Die Energie und Ausstrahlung der Kolumbianerin aus Basel.
Don Giovanni
Zeltplatzsuche nach der Oper in Basel, sowie das vorangehende Erlebnis mit dem großen Rucksack durchs Foyer zu stapfen.
Filterkaffee mit den Fliegenfischern und der frostige französische Morgen.
Von Pont du Navoy nach Maisod. Nach wenigen Minuten im Auto bietet der Fahrer an, uns bis ans Ziel zu fahren. Dank guter Ortskarte und rudimentären Französischkenntnissen, sowie Händen und Füßen landen wir tatsächlich um 11.50 Uhr vor dem Château du Maisod.
Rencontrer. Die Wiederzusammenführung der Reisefamilie.
Morgendliches Melken mit Bruno. Für mich ein Moment der Ruhe. Hier weiß ich jeden Handgriff und kann meinen Gedanken freien Lauf lassen. Es ist in Ordnung nur wenige Worte zu wechseln und still nebeneinander zu arbeiten.
Ein halbes Croissant mit dreckigen Melkhänden.
Brunos unglaubliche Gastfreundschaft, sowie seine Ruhe und Gelassenheit.
Baden im Lac artificiel.
Vorleserunde bei Regen unterm Tarp.
Die Selbstverständlichkeit des Teilens. Weniges wird viel geteilt.
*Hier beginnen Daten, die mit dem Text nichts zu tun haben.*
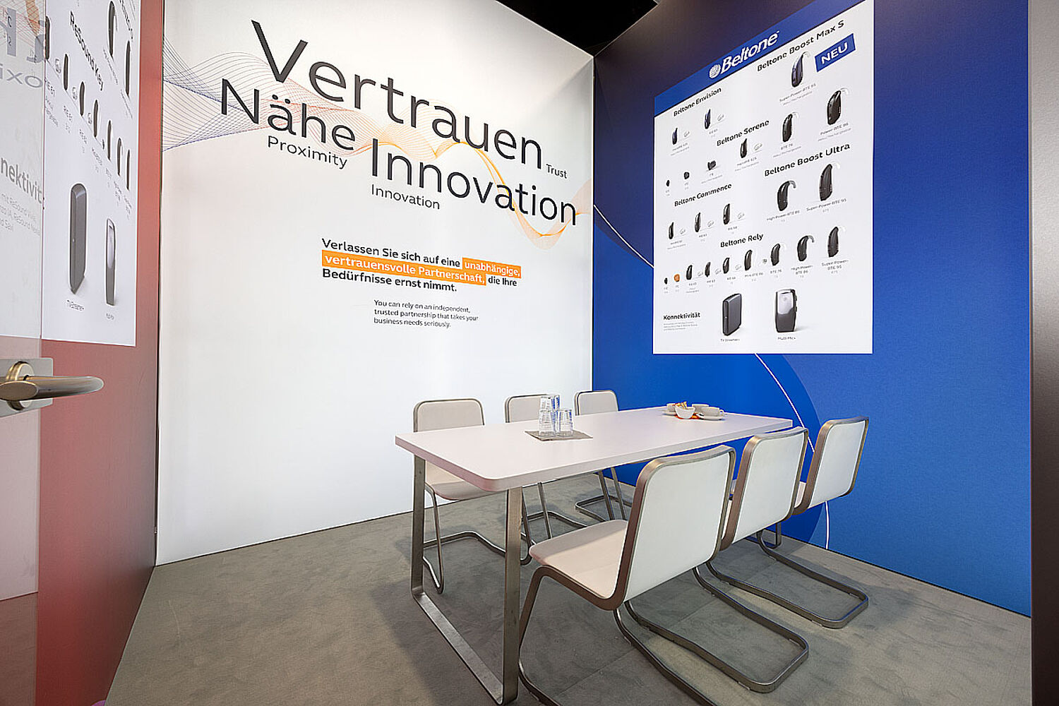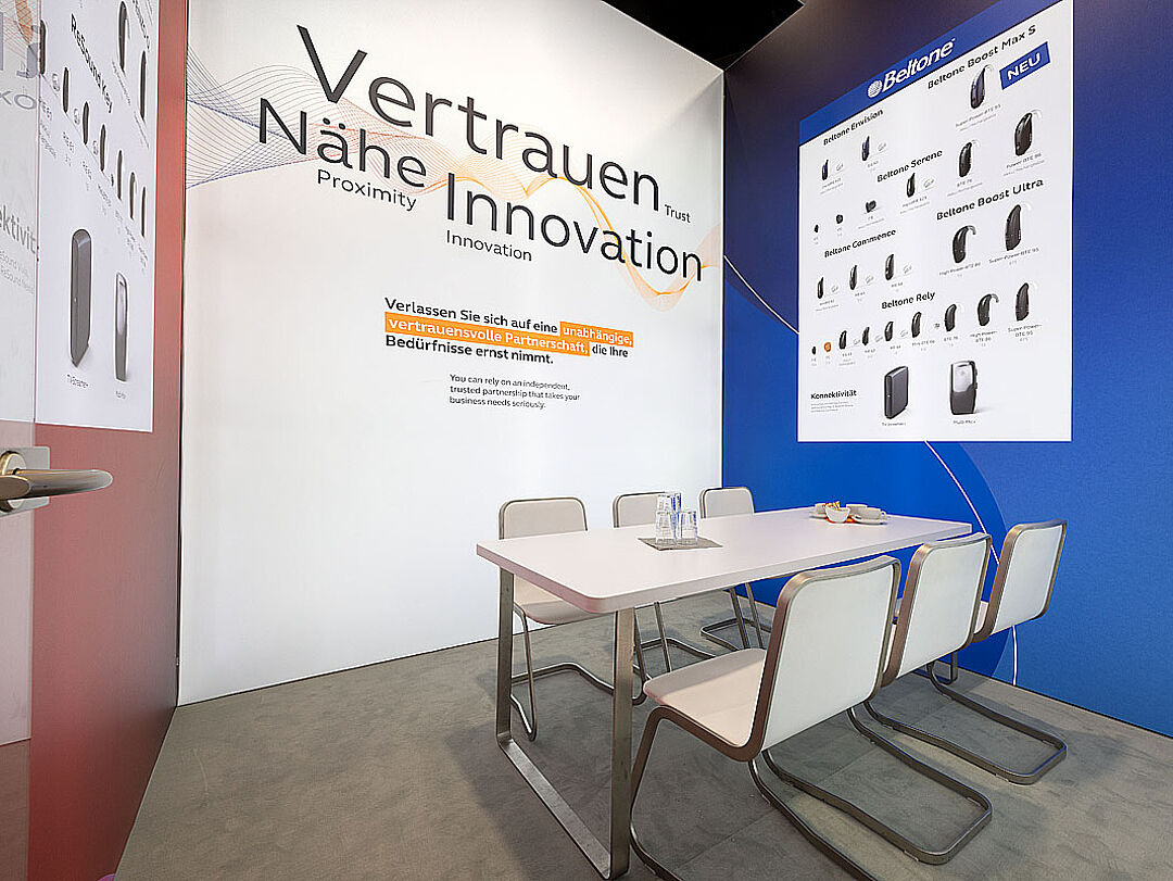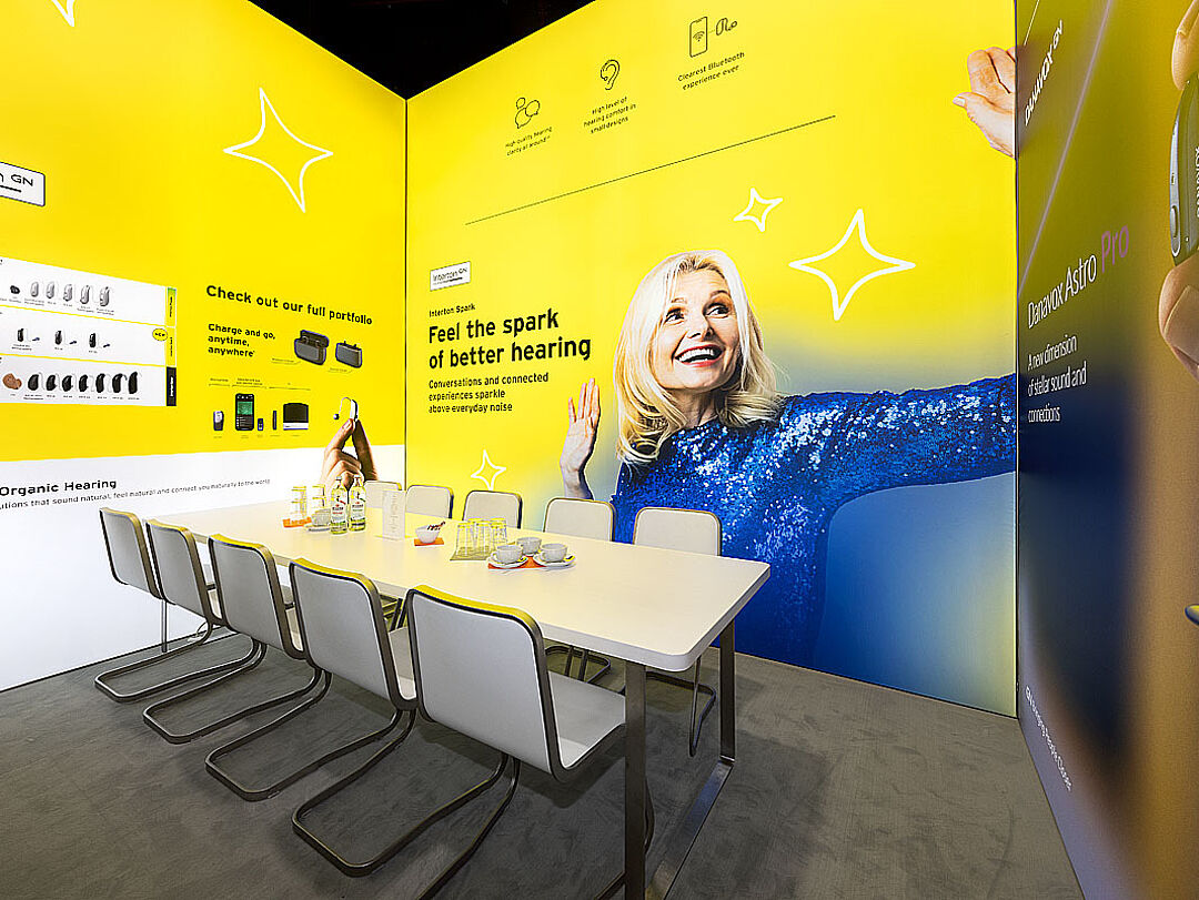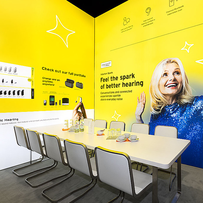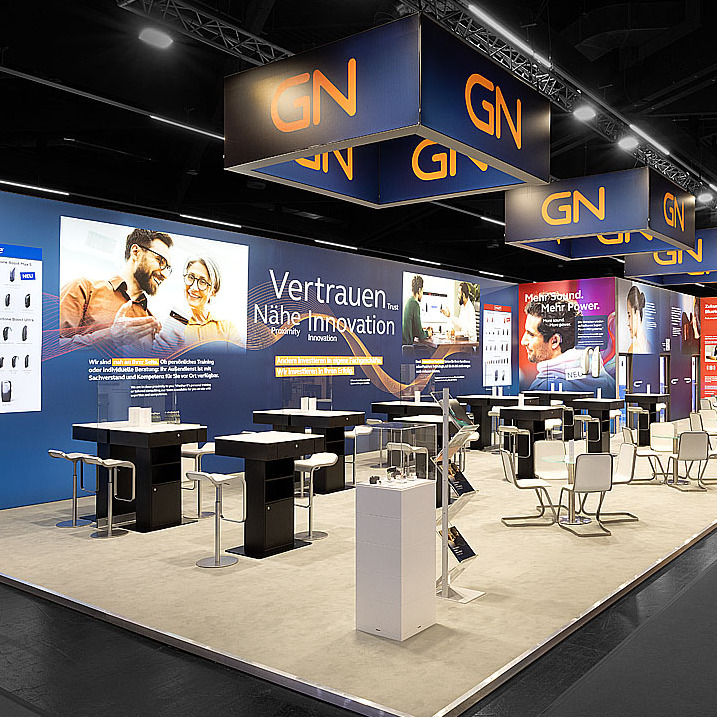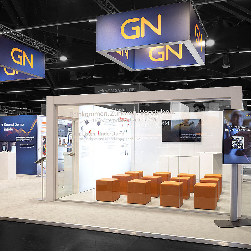 GN Hearing, einer der führenden Hersteller von Hörgeräten aus Dänemark, präsentierte sich auf der kongressbegleitenden Messe in Hannover und Nürnberg mit seinen Marken Resound, Beltone und Interton. Glet.bewegt entwickelte ein offenes Standkonzept komplett aus LED-Leuchtwänden mit vollflächigen Textildrucken – die längste Wand mit 20 Metern Länge und einer Höhe von 4 Metern kommt ohne Systemteilungen aus. Der Messeauftritt entwickelte sich zum Besuchermagneten, wobei die großflächige Grafik alle Blicke anzog und jedem Besucher die Möglichkeit gab auf Entdeckungsreise zu gehen.

anthroposophische Weledagespräche en francais zwischen Mulhouse und Freiburg.
Stadtrundfahrt in Freiburg und die Kraft der gemeinsamen Sprache.
Voller Adrenalin in der sehr christlichen WG in Freiburg ankommen. Wir werden wärmstens aufgenommen.
KAIROSGIFT – BERICHT AUS DER PRAKTISCH-KÜNSTLERISCHEN GABE FORSCHUNG
von Una Moehrke
1. EHRE
Am frühen Vormittag in Bern auf Nahrungssuche. Am dritten Tag der Reise frage ich in einem noblen italienischen Restaurant ohne Gäste – es werden gerade die Terrassenplatten neu befestigt, die Sonne scheint – ob wir womöglich Küchenreste vom Vortag bekommen könnten. Der Kellner reagiert freundlich und sagt, er wolle den Chef fragen. Der Chef kommt auf zwei Krücken, ich wiederhole meine Anfrage und er antwortet: Reste werfe ich weg; wenn ihr eine viertel Stunde Zeit habt, mache ich euch drei Pizzen. Luise zeichnet das Restaurant, wir überreichen die Zeichnung und meine Collage als Gaben. Mit drei Pizzakartons stehen wir eine halbe Stunde später an der Tankstelle und trampen weiter.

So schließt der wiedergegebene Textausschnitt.